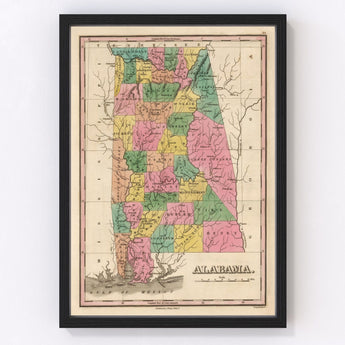 The ready-to-hang framed versions are crafted from durable solid wood with stunning stain finishes—perfect for those who appreciate the finer details. This piece not only enhances your space but sparks conversation about Alabama’s rich past every time someone catches sight of it.
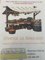 Obec Loket Vás zve na autobusový zájezd na trhy v Polsku KUDOWA ZDRÓJ ve čtvrtek 23. ŘÍJNA 2025. Odjezd v 06.00 hodin od Motorestu u Vlka. Rezervace míst na telefonu: 733 588 229. Zuzana Černá
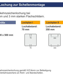Gerne Lochen wir die Verkehrsschilder der Bauarten 2 mm und 3 mm nach Lochplan I (Lochabstand 70 mm) oder Lochplan II (Lochabstand 70 – 700 mm) für die von Ihnen gewählten Schilderschellen für die Verkehrszeichenmontage am Rundrohrpfosten oder Schildermasten. Selbstverständlich können Sie die Straßenschilder auch ohne Lochung bestellen – dies ist als Standard bei der Variantenauswahl bereits hinterlegt. Bitte beachten Sie hierzu auch unsere weiterführenden Informationen direkt neben der Variantenauswahl „Lochung“ (bitte direkt auf den Info-Button klicken).

▸ **Required work**: Once more, please print all the lines above exactly, without their pictures.

▸ **Response box**:
 The ready-to-hang framed versions are crafted from durable solid wood with stunning stain finishes—perfect for those who appreciate the finer details. This piece not only enhances your space but sparks conversation about Alabama’s rich past every time someone catches sight of it.
 Obec Loket Vás zve na autobusový zájezd na trhy v Polsku KUDOWA ZDRÓJ ve čtvrtek 23. ŘÍJNA 2025. Odjezd v 06.00 hodin od Motorestu u Vlka. Rezervace míst na telefonu: 733 588 229. Zuzana Černá
Gerne Lochen wir die Verkehrsschilder der Bauarten 2 mm und 3 mm nach Lochplan I (Lochabstand 70 mm) oder Lochplan II (Lochabstand 70 – 700 mm) für die von Ihnen gewählten Schilderschellen für die Verkehrszeichenmontage am Rundrohrpfosten oder Schildermasten. Selbstverständlich können Sie die Straßenschilder auch ohne Lochung bestellen – dies ist als Standard bei der Variantenauswahl bereits hinterlegt. Bitte beachten Sie hierzu auch unsere weiterführenden Informationen direkt neben der Variantenauswahl „Lochung“ (bitte direkt auf den Info-Button klicken).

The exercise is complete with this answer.